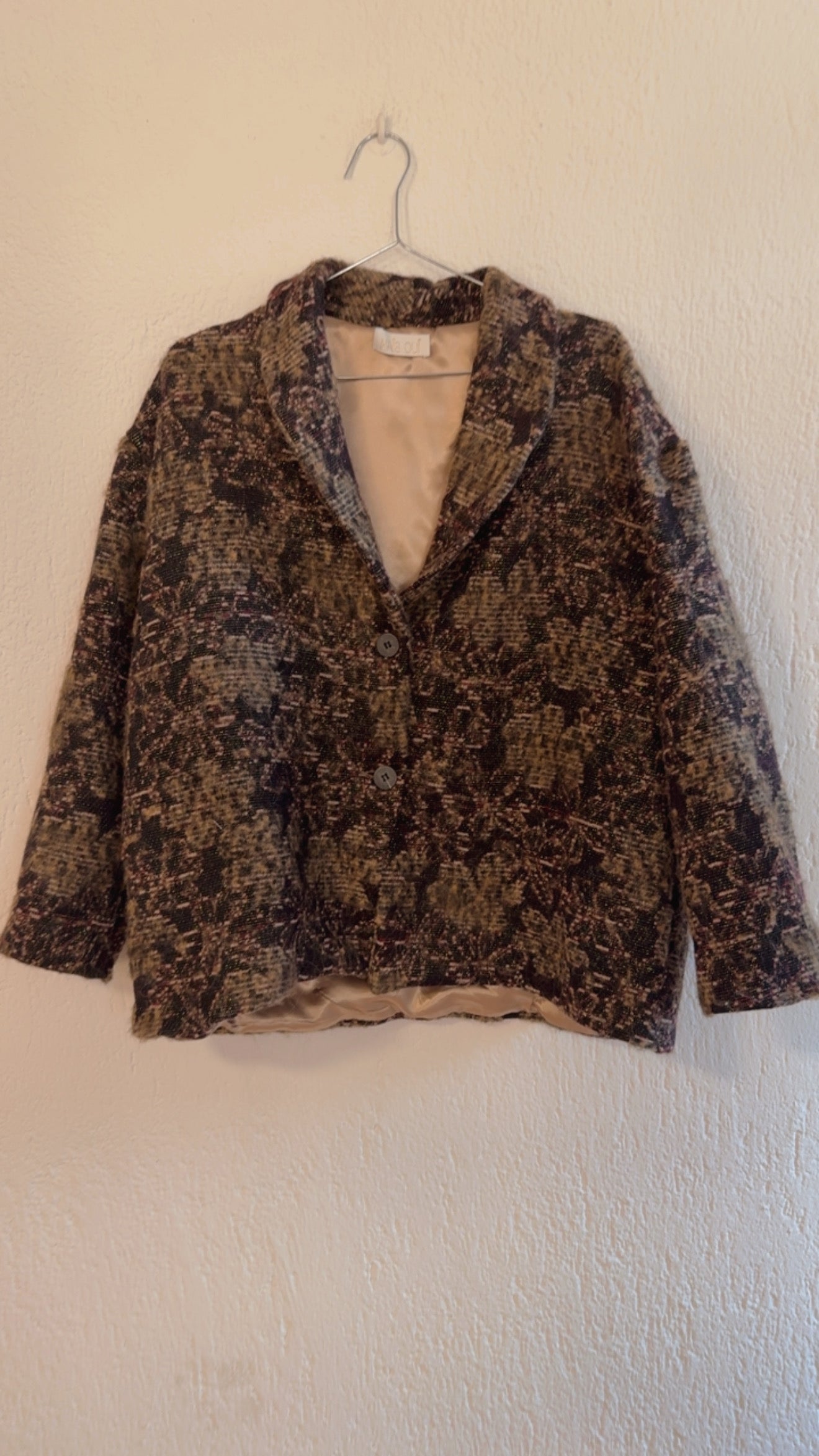 Dalla linea leggermente over, collo a revers e chiusura con bottone centrale.
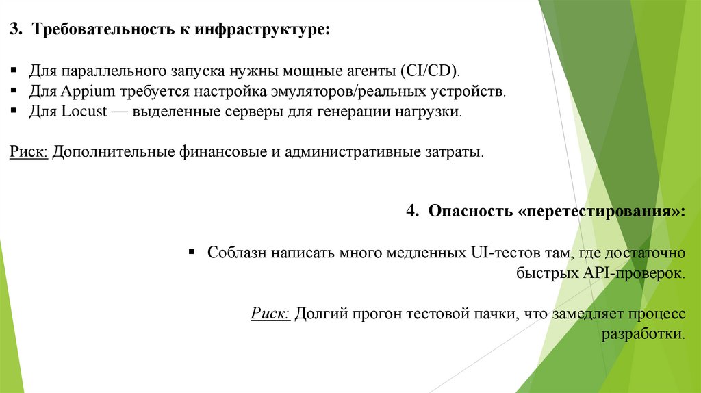 3. Требовательность к инфраструктуре:Для параллельного запуска нужны мощные агенты (CI/CD).
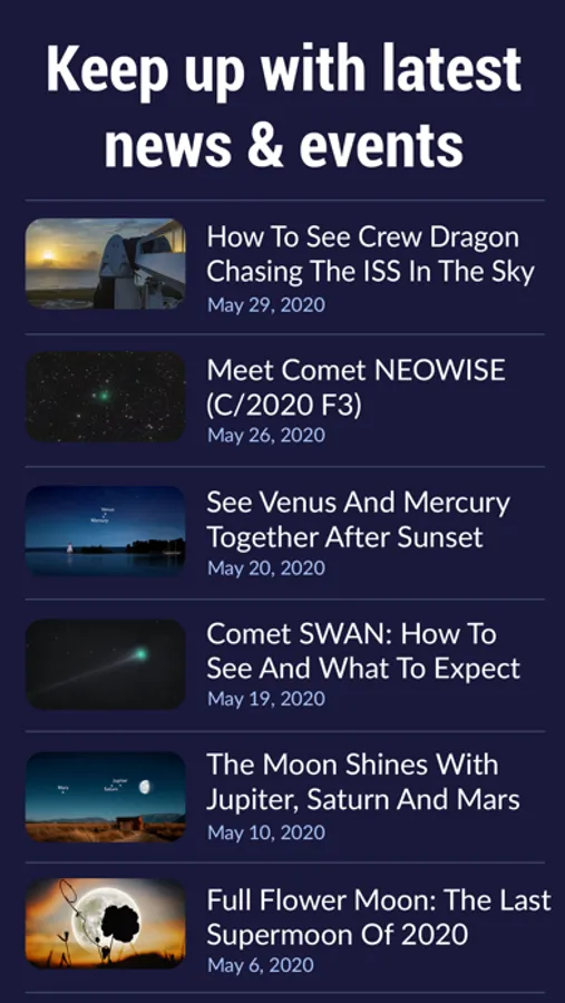 ► Be aware of the latest news from the world of space and astronomy. The app's "What's new" section will tell you about the most outstanding celestial events in time.
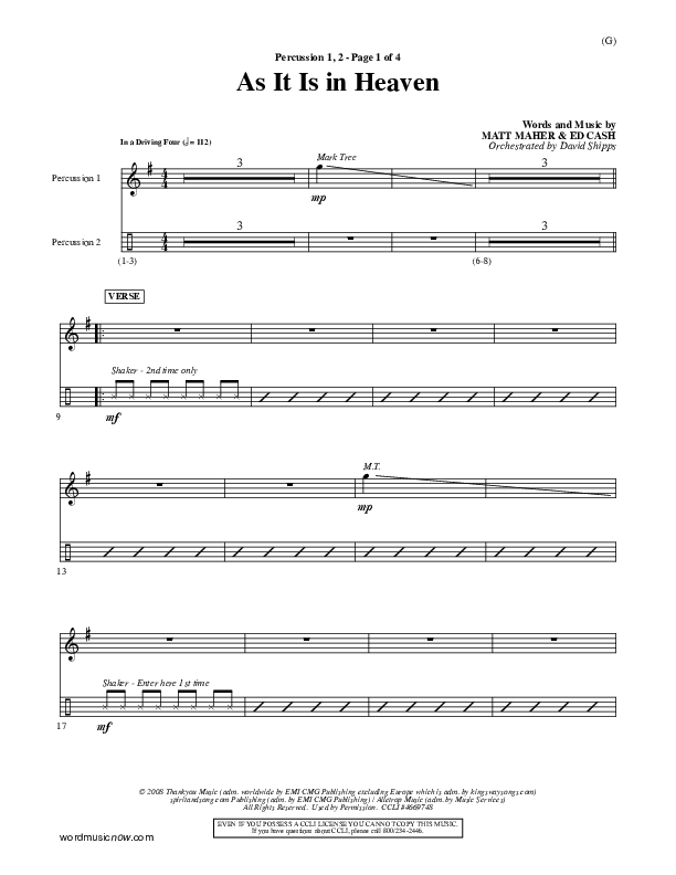 Download the Orchestration for As It Is In Heaven by Matt Maher, from the album Word Music Now.
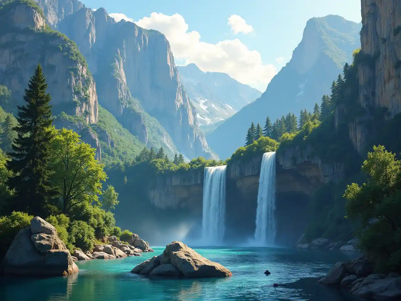 maporomoko ya maji ya kuvutia kutoka milima ya ajabu na ndege wa ajabu
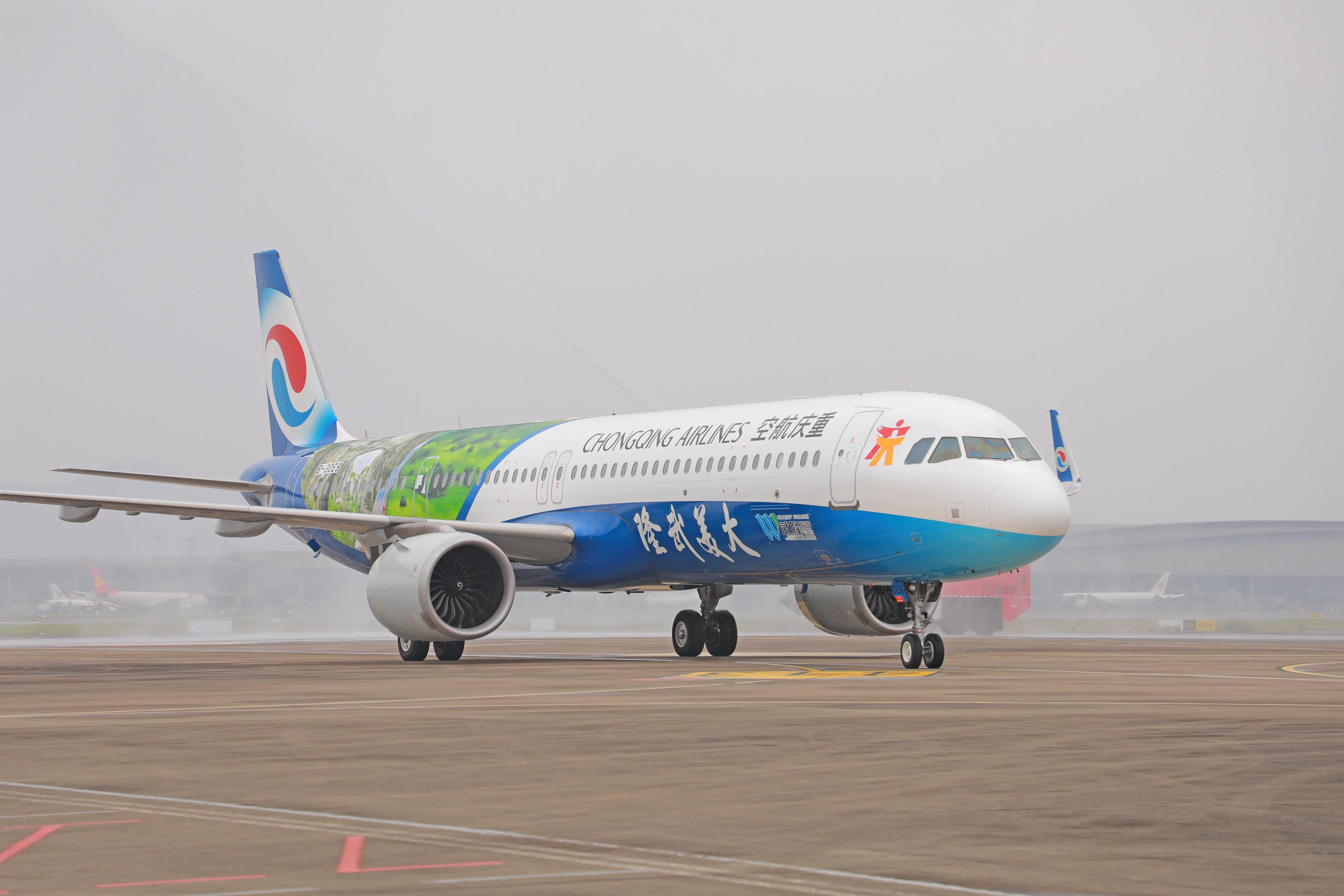 据了解,重庆航空在2012年和2017年先后设计打造了“幸福重庆号”“重庆时光号”“美好重庆号”等重庆城市特色彩绘机队,成为重庆“云端形象推广大使”和“蓝天名片”,为山城市民架设起一条条通达全国、连接世界的空中桥梁,全力助推重庆经济社会发展。下一步,“大美武隆”号将带着重庆市主要旅游目的地品牌形象,飞往新加坡、北京、广州、杭州、上海、乌鲁木齐等国内外重点城市,全力助推成渝地区双城经济圈和西部陆海新通道建设。

○ ○ ○ ○

● TASK OBJECTIVE
In the listing above, find the line with "3. Требовательность к" and the line with "events in time.". Copy exactly those two and every line between, without the pictures.

● TASK OUTPUT
 3. Требовательность к инфраструктуре:Для параллельного запуска нужны мощные агенты (CI/CD).
 ► Be aware of the latest news from the world of space and astronomy. The app's "What's new" section will tell you about the most outstanding celestial events in time.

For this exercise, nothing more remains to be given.